Canaries in The Mine

by Rudolph Kalveks

Scarcely a day goes by without a new and apparently contradictory announcement by some epidemiologist regarding the outlook for the COVID-19 coronavirus (“Coronavirus”). But what lies behind their models and to what extent should their pronouncements be taken at face value?

It is well known to all experienced data analysts, whether in science or in economics, that given a sufficient number of model parameters to play with, one can achieve a spectacular fit to historic data, only to find that model projections bear no relation to subsequent events.

The philosopher of science, Willard Van Orman Quine, coined the phrase “Underdetermination of Theory”, which applies in the situation where different theories are consistent with the same body of evidence. Models are inherently underdetermined and it is easy for their assumptions to take on a life of their own and to start predicting phenomena that are pure model artefacts rather than being representative of the physical system being studied. Given observational data in science, great care needs to be taken to distinguish the signal from the noise. This is easiest when there are prior grounds for expecting a certain type of signal and when the signal can be described with a few parameters. Gravitational physicists working with the LIGO interferometer apply such principles when detecting gravitational waves from merging black holes.

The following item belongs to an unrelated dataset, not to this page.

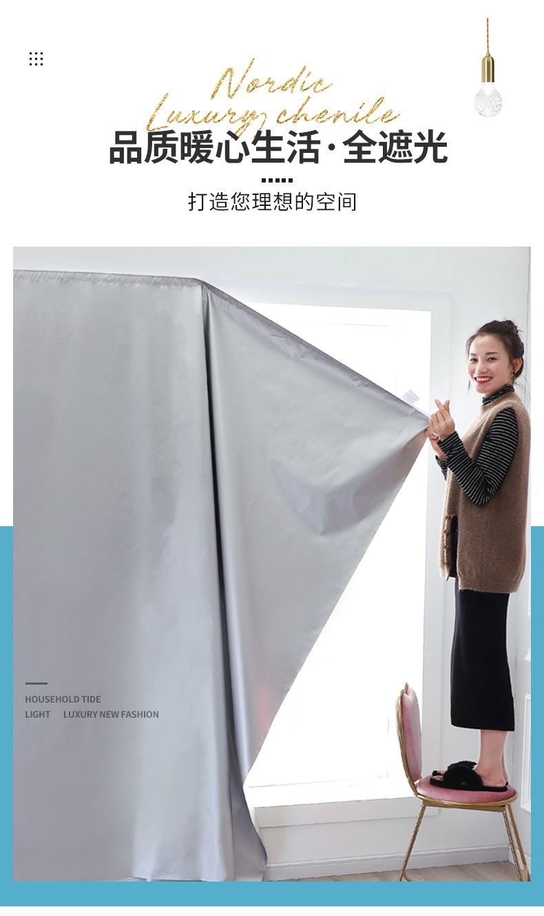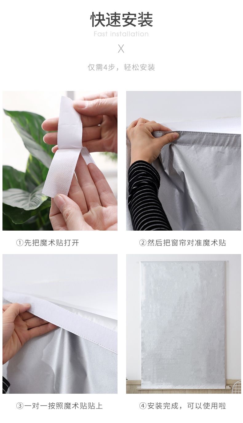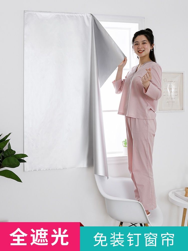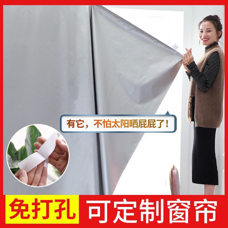 Cortina de sombra cortina sin agujeros autoadhesivo dormitorio casero velcro cortina de sombra dormitorio alquiler cortina productos terminados

So, let us hunt for the signal in the Coronavirus data. What signal does the data contain? In particular, what does it suggest about the progress of the epidemic and whether a second wave could reasonably be expected? In an ideal world, epidemiologists would have extensive and accurate data on individual cases, their progress and recovery. Unfortunately, in the real world, different countries classify cases and deaths according to different criteria, and, moreover, change their classifications over time. For example, increases in the level of testing have the effect of increasing the cases recorded, but with no change in the underlying state of the population. And although organisations such as Worldometer make efforts to ensure data integrity, some data noise remains, for example, from the vagaries of daily recording systems in reporting countries. For such reasons, the approach taken in this signal tracing exercise has been to work with the cumulative country daily death statistics reported by Worldometer. If we make the assumption that deaths are in a broadly constant ratio to recoveries, these become the “canaries in the mine” that can tell us about the prevalence and progress of the infection in the wider population.

Epidemiology has a standard tool, the Susceptible–Infected–Recovered/Resolved or (“SIR”) model. In its simplest form, this decodes an epidemic in terms of transfers between three sub-populations – those susceptible to infection, those infected (and generally infectious), and those recovered or deceased (and in either case no longer infectious). The population at large is not necessarily susceptible; some may have natural or acquired immunity, for example by vaccination; others may be effectively isolated.

The dynamics of epidemiology interpret the rate of new infections as the product of the number of infectious individuals, times the proportion of susceptible targets, times some parameter (say, alpha). This is similar to the velocity of a chemical reaction, where the rate is proportional to the concentrations of the reagents. Alpha is inversely proportional to the period over which an epidemic doubles in its early stages. The rate of recovery of infected individuals is governed by a second parameter (say, beta). Beta is inversely proportional to the median time taken for recovery. This is similar to a half-life observed in radioactive decay. The ratio alpha:beta is often termed R0, and an epidemic can only start if this is greater than unity.

Over time, the rate of new infections declines, as the number of susceptible individuals is reduced. Consequently, R0 declines to a lower value R. Eventually R falls below unity and the number of infected cases starts to decline. Importantly, the magnitude of R0 influences the penetration of an epidemic. With a value of R0 only slightly above unity, an epidemic soon fizzles out; on the other hand, with a high value of R0, an epidemic may penetrate an entire susceptible population.

These relationships can be formalised in a few simple equations. Once the parameters alpha and beta are set, the course of an epidemic can be modeled through to its finish, starting from the day that patient zero is introduced to a susceptible population.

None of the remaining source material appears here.